История рыцарства. Самые знаменитые битвы — страница 62 из 71

На следующее утро после успешной вылазки госпитальеров в Сент-Эльмо и других крепостях услышали привычные уже раскаты турецких орудийных залпов. Однако снаряды за крепостные стены не залетали, а корабельные орудия были направлены отнюдь не в сторону фортов. Это был торжествующий гром салюта. Вскоре за орудийным дымом и утренним туманом показались пятнадцать красавиц-галер. Флаги на реях показывали, что это эскадра прославленного корсара Драгута. По договоренности с турецким султаном Сулейманом, он торопился на помощь к Мустафа-паше и адмиралу Пиали.

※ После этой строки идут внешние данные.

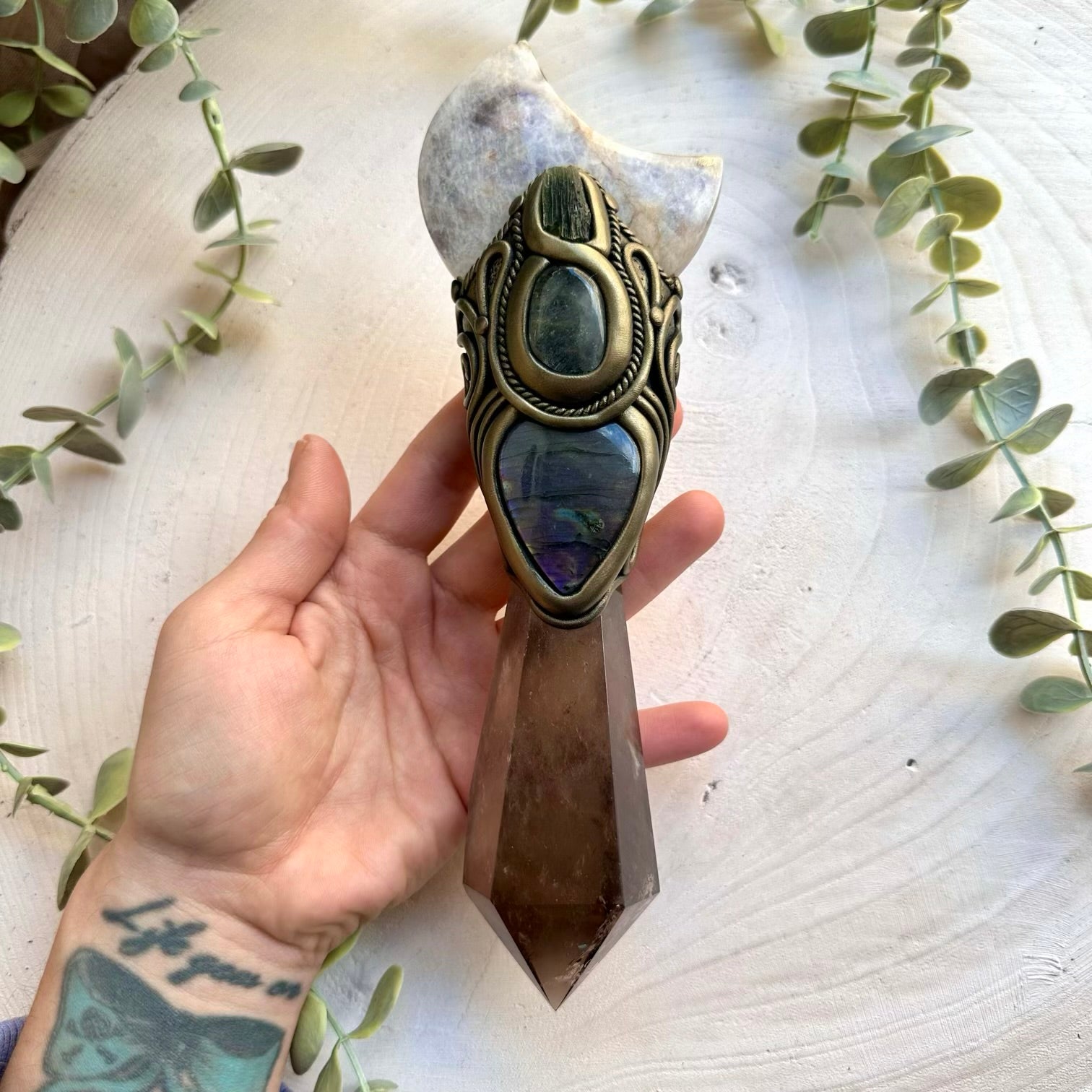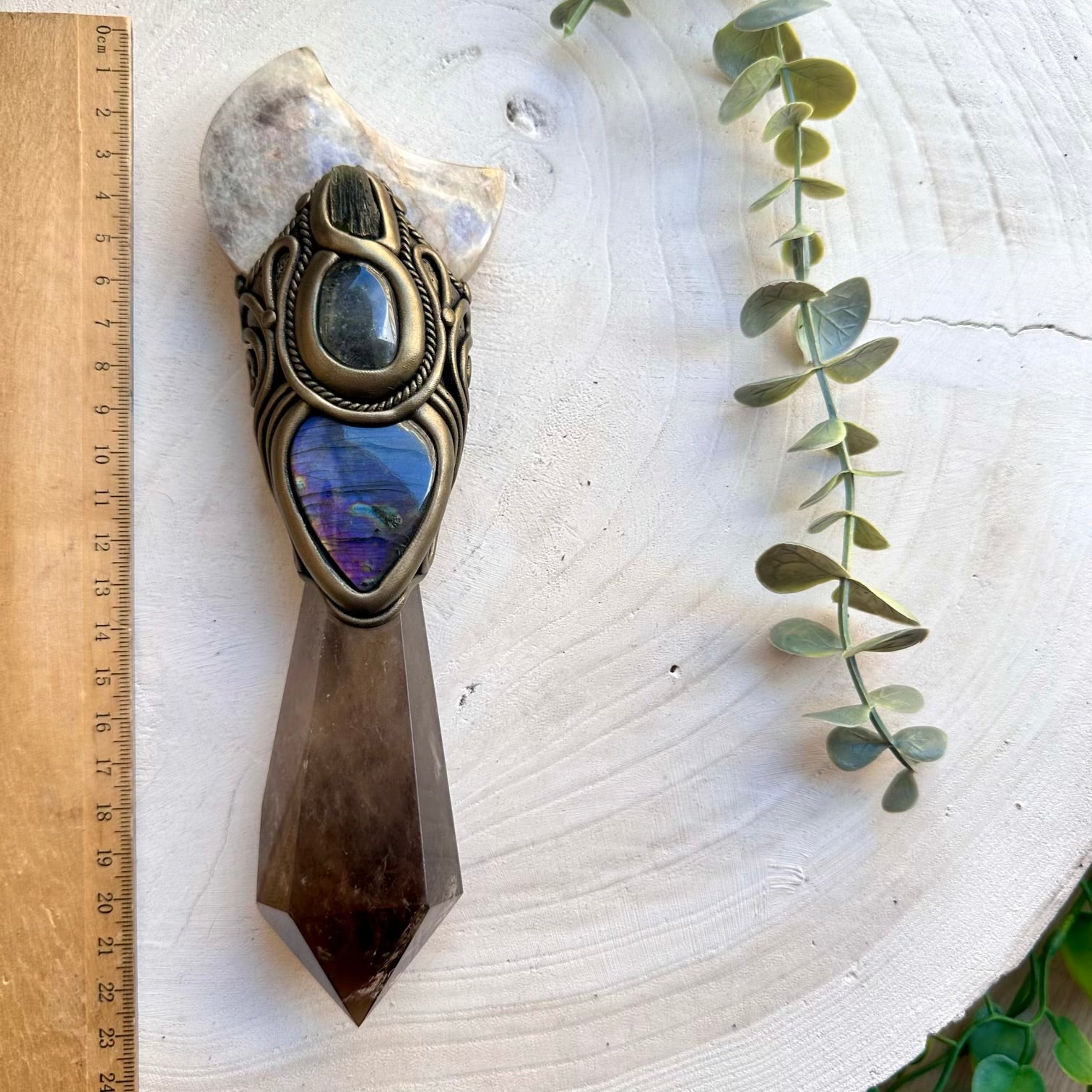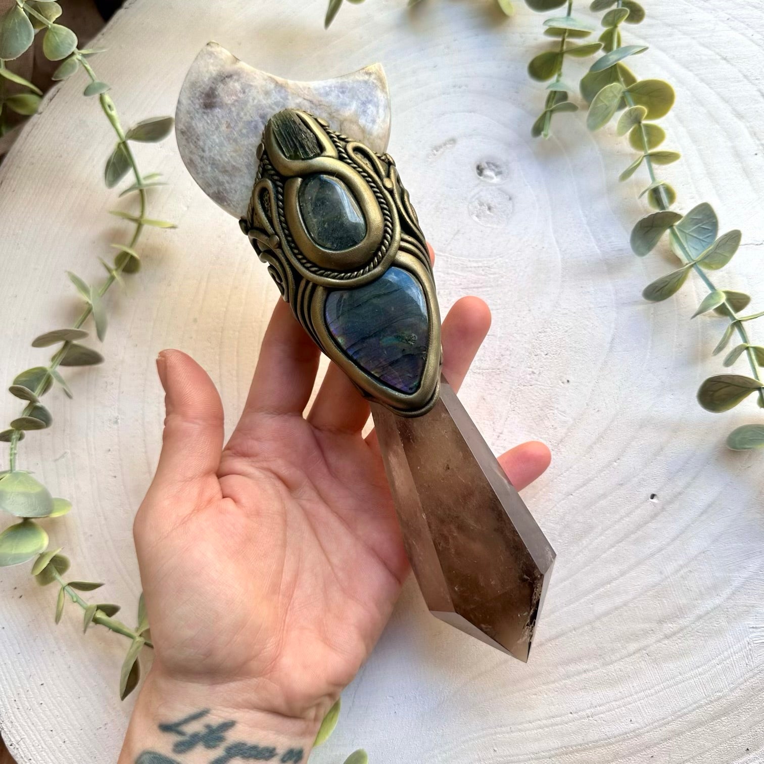 Handmade spiritual wand featuring smoky quartz and labradorite

Такой шаг был вполне объясним и логичен. Хотя масштабы боевых сил противников были абсолютно несопоставимы, разумеется, с огромным перевесом в пользу турок, те вынуждены были признать, что осада затягивается. А кто как не умные опытные командиры могут реализовать подавляющее преимущество в живой силе. И эта «неотложка» появилась в лице знаменитого пирата, который принял на себя руководство турецкими войсками. Началась дуэль выдержки и умов двух великих стратегов – Ла Валета и Драгута. Как порученец самого султана, он не стал терять времени даром и потребовал полный отчет о ходе штурма. Каково реальное положение дел неожиданно проиллюстрировало сообщение о гибели двухсот турецких солдат. Произошло это в результате молниеносной атаки двух мальтийской кавалерийских отрядов из Мдины и Биргу на лагерь противника у деревни Дингли. Подобная стычка с печальным для турок концом, как доложили Драгуту, была не первой. Он глубоко задумался, затем приступил к изучению диспозиции. Возможно, осада Сент-Эльмо, первым вставшим на пути армады, действительно не самое верное решение. Разумнее было бы сначала взять менее защищенные Мдину и остров Гозо…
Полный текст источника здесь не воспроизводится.